Now she is in double thoughts - whether she should really meet the doctor. After seeing the real patients , she starts wondering if her problems are her imaginations? But this has happened to her before a few times. Even though it is not frequent, and it lasts for only a day or two and she bounce back with more energy and joy, she does not want to go through that. There are times when it has been worse. She has felt it in her body - body suddenly transforming itself into a ball of hot mass. She used to sweat, fret, big lumps choking her throat and chest. A part of her wants to survive the moment, a part of her wants to end it there. Two or three minutes, everything subsides. Everything is normal again. She does not understand what she has gone through and why.
She tries to give a context to her mood swings. She tries to tell the Doctor about job pressures, travels, a few stress points she has been trying to tackle at home and office - she tries to think of more excuses. Doctor bluntly cut her short and asks her to stop cock and bull story. He says problems are not important, and she need not compare under estimate or over estimate her problems. He tells her that they will not waste time on reconstructing the problems, but rather spend time on working out how they approach it. He asks if she is okay with some mild mood stabilizers. She decide to give him full control. She tells her, "You know the best." Then he tells her to work on changing her approaches towards situations. She protests, she tries to justify. He senses her agitation and resistance. She is not convinced why she should change. He tells her, "I am not questioning your approach. I know that you absolutely love strawberry. I am only offering you a new flavour. I want you to try this out for a month. You have to give time until you get used to the taste. You give time until you discover if there are any added benefits you get out of it. Don't question, don't think. Just try and experience a different flavour. After a month, if you still feel strawberry is better, you can stick to it. Can we agree on this?". She is now convinced and decides to give it a try.

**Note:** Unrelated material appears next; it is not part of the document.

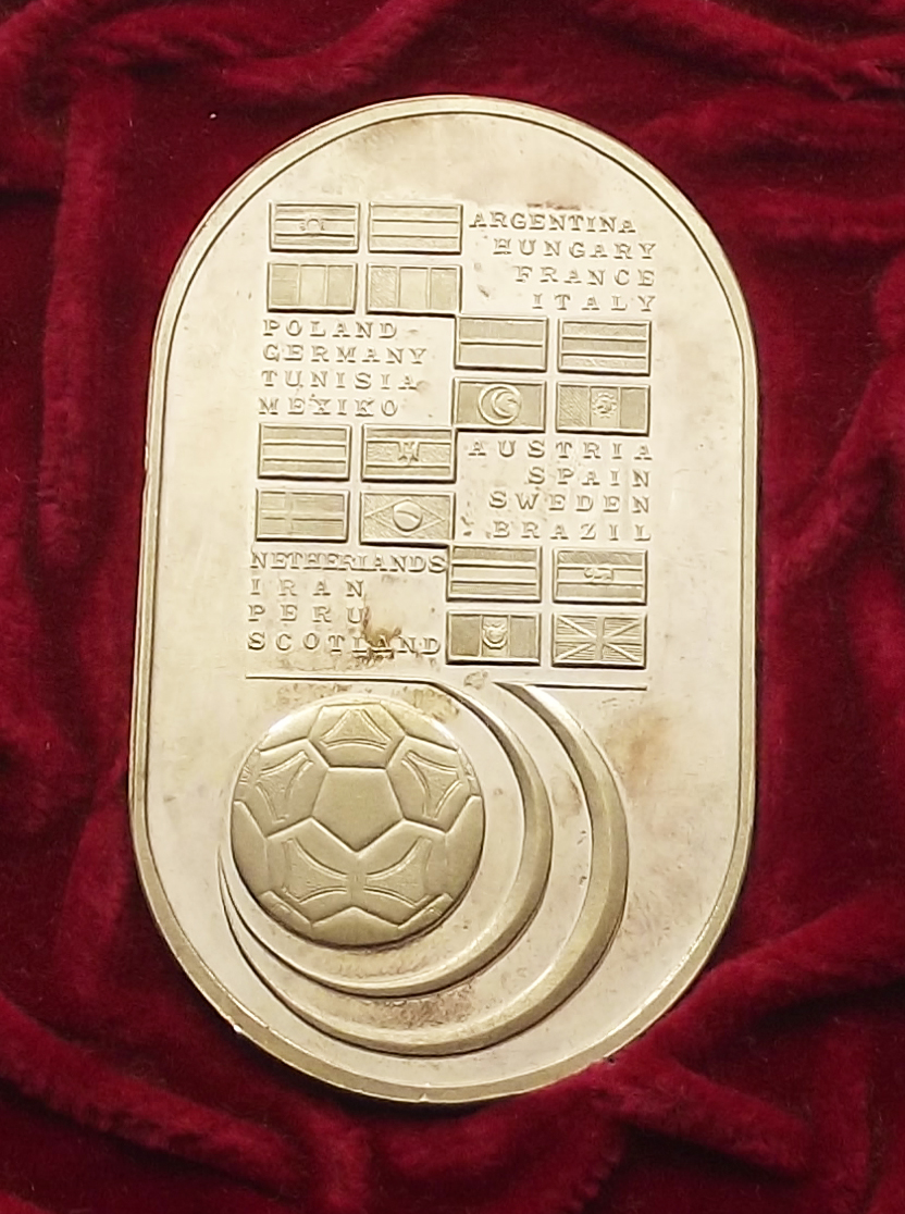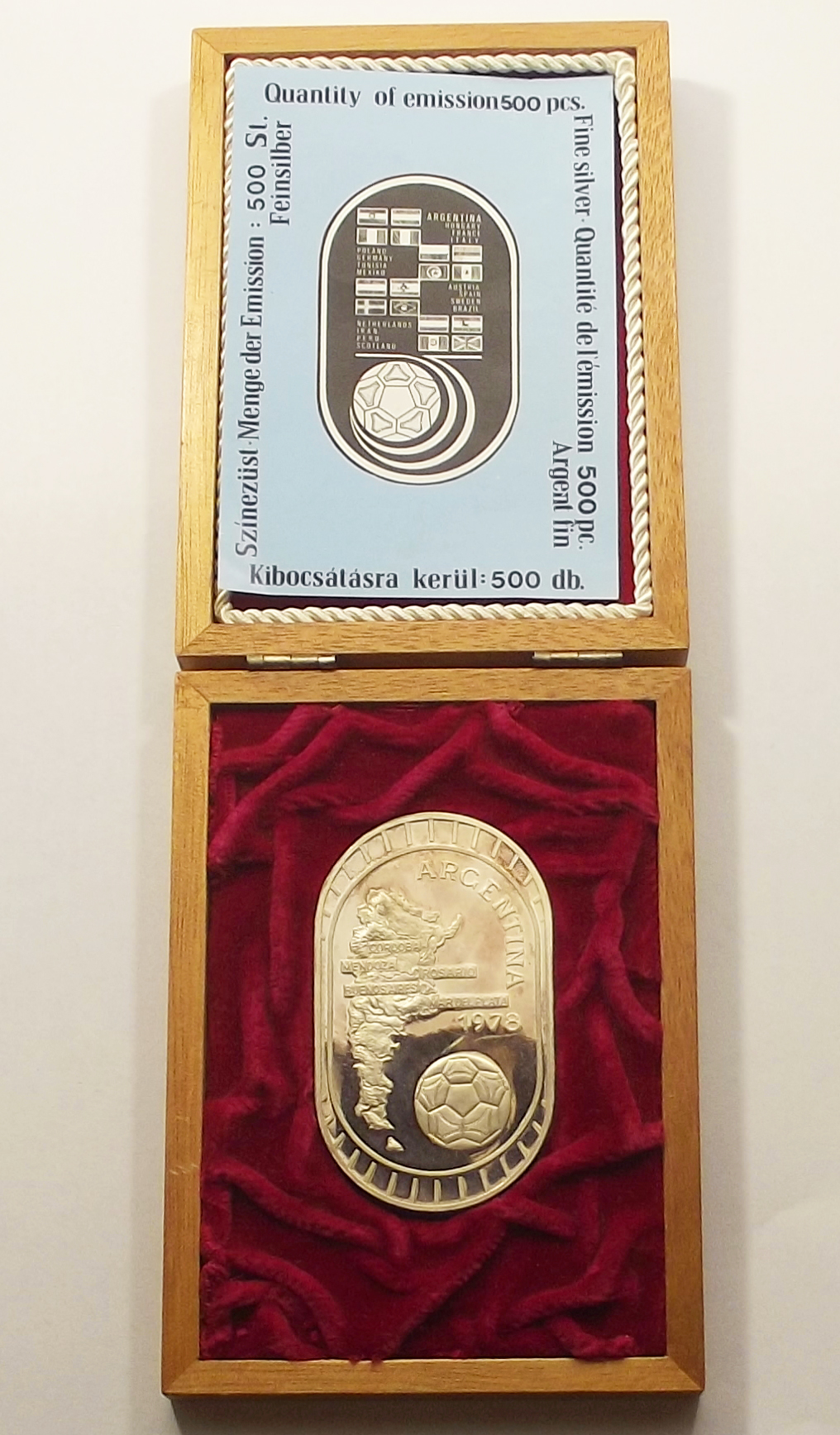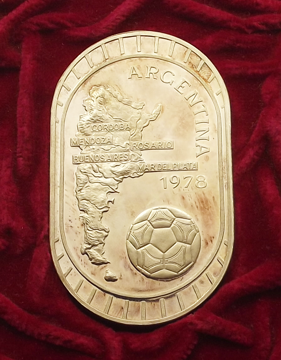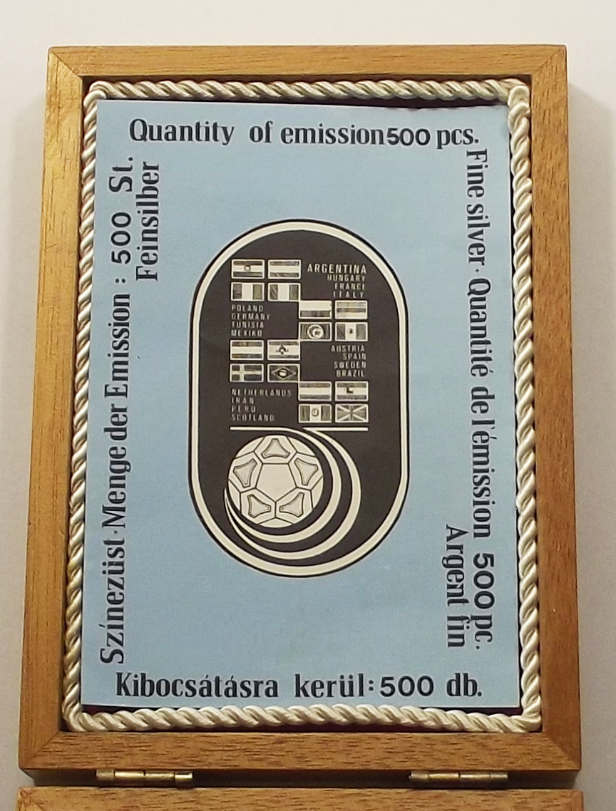 Argentína Labdarúgó VB 1978 színezüst plakett díszdobozban kiváló állapotban, enyhe foltok. 500 példányban készült (jz
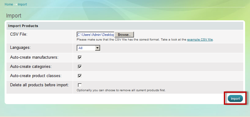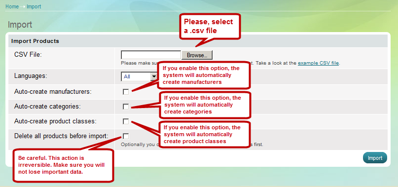 - "Delete all products before import" - this option is useful when you start a new store and you need to

She walks out, put down a list of where and when she should avoid strawberries and try fresh flavors, completely guided by a clear set of principles and new perspectives.
Bottom line: It might be just a day's issue. But if you cannot handle mood swings and its better to reach out for help. Perspectives always help. It could be stress. It could be screwed up food habits. It could be about not getting enough time to spend with friends or nature. Whatever it is, when you cannot identify or handle it alone, do take help. Each moment is precious. Live it. Love it.